*** DATASET RECORDS Section Begins ***
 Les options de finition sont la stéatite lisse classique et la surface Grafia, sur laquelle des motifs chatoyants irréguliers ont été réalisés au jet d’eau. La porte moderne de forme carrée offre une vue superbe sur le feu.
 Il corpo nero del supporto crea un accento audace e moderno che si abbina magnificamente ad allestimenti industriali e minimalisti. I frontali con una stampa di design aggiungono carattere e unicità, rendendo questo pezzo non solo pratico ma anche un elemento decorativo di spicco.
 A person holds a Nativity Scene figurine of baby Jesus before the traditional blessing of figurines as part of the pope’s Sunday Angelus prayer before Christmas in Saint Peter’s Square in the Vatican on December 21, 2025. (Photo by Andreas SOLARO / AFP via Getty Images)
*** DATASET RECORDS Section Ends ***
*** DATASET RECORDS Section Begins ***
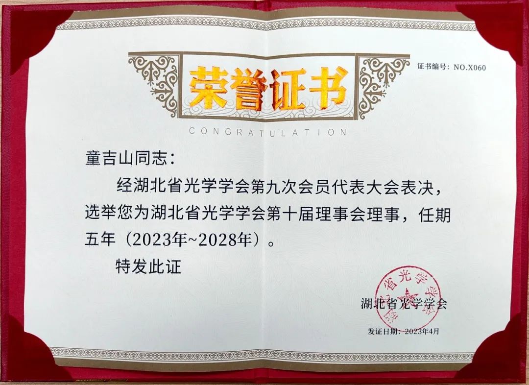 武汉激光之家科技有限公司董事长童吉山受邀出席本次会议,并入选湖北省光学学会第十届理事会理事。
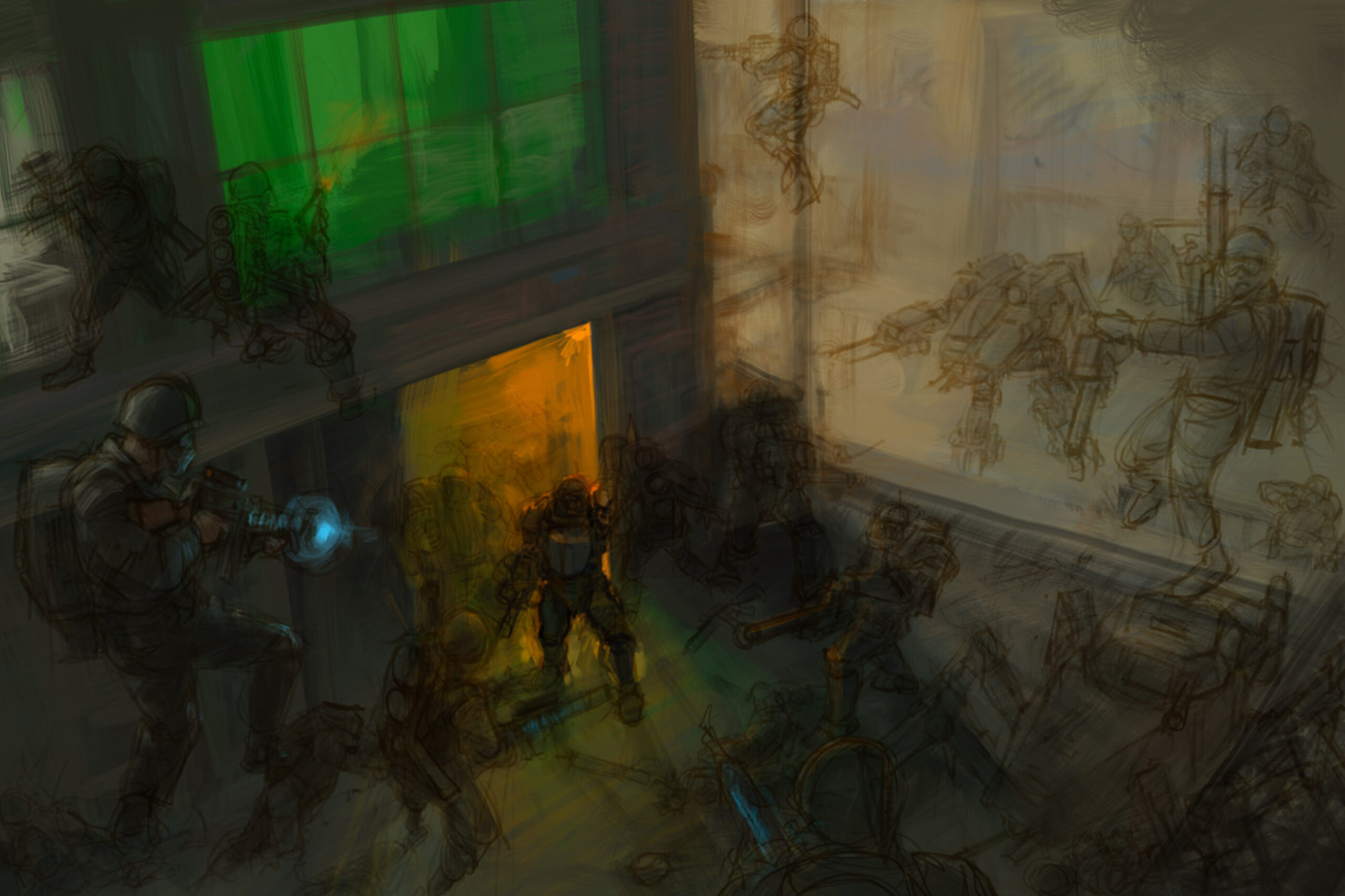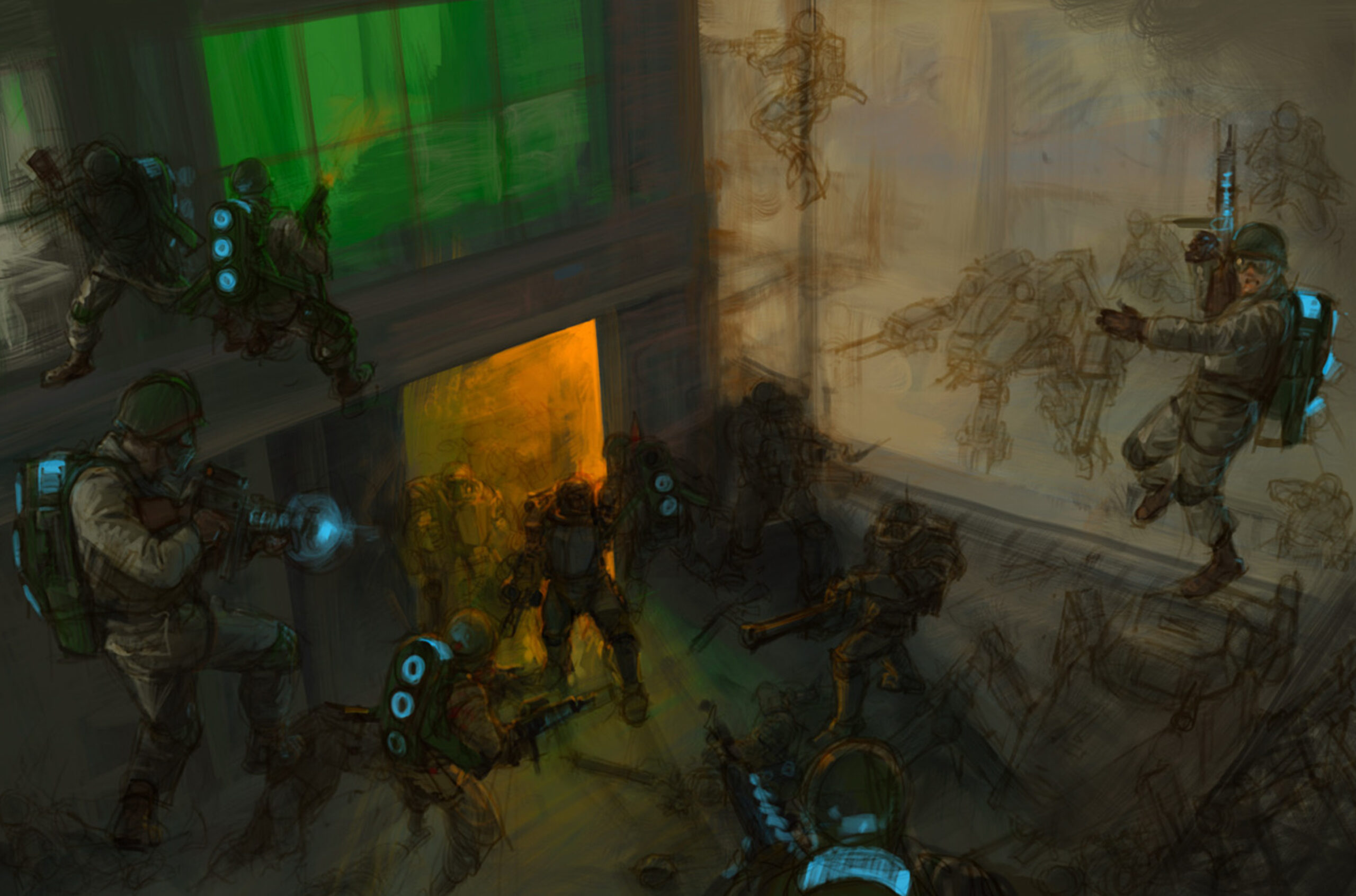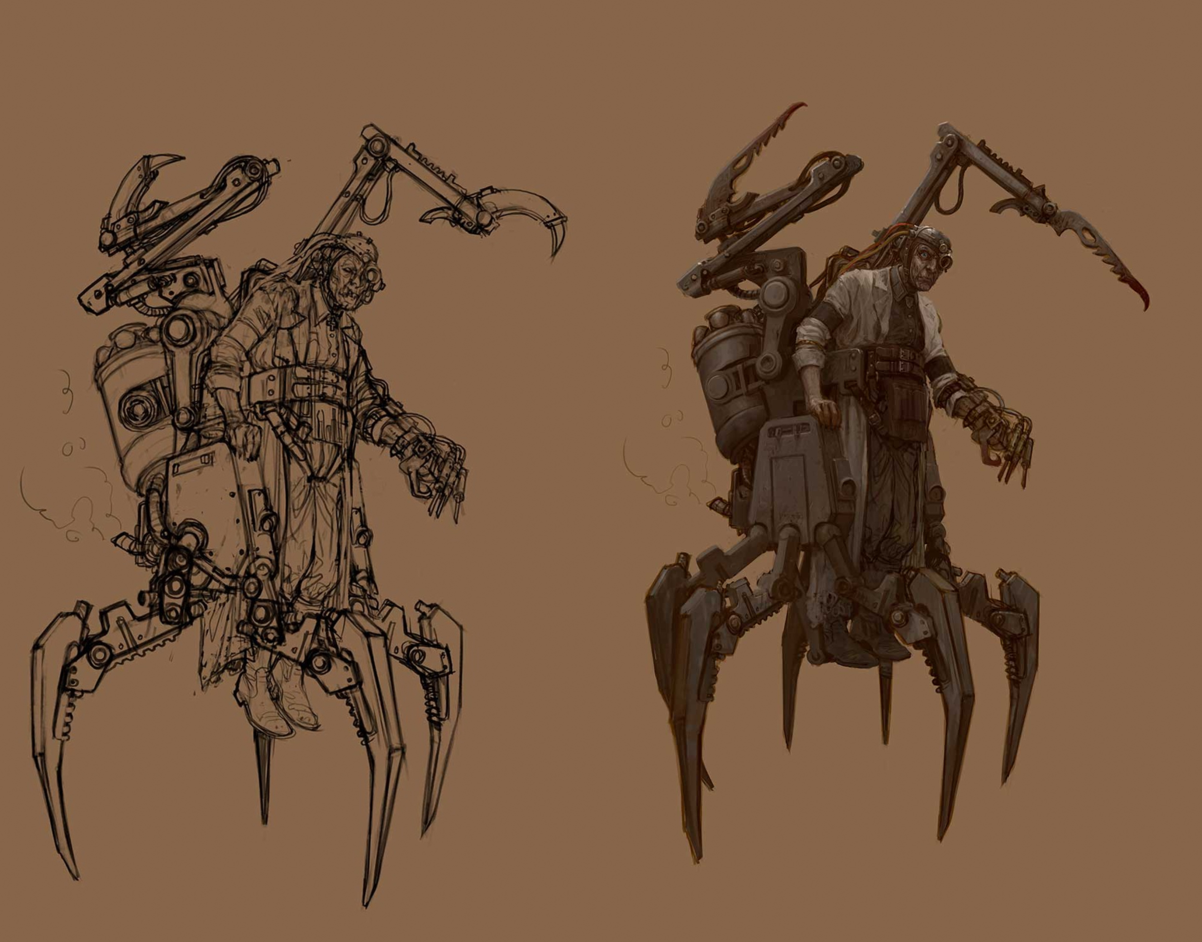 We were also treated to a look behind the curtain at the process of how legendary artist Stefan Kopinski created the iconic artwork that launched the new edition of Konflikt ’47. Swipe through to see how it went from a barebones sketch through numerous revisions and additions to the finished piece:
*** DATASET RECORDS Section Ends ***
Repeat exactly the stretch of the listing above that starts with the line holding "武汉激光之家科技有限公司董事" and finishes with the line holding "We were also", both included. Skip every picture.

 武汉激光之家科技有限公司董事长童吉山受邀出席本次会议,并入选湖北省光学学会第十届理事会理事。
 We were also treated to a look behind the curtain at the process of how legendary artist Stefan Kopinski created the iconic artwork that launched the new edition of Konflikt ’47. Swipe through to see how it went from a barebones sketch through numerous revisions and additions to the finished piece:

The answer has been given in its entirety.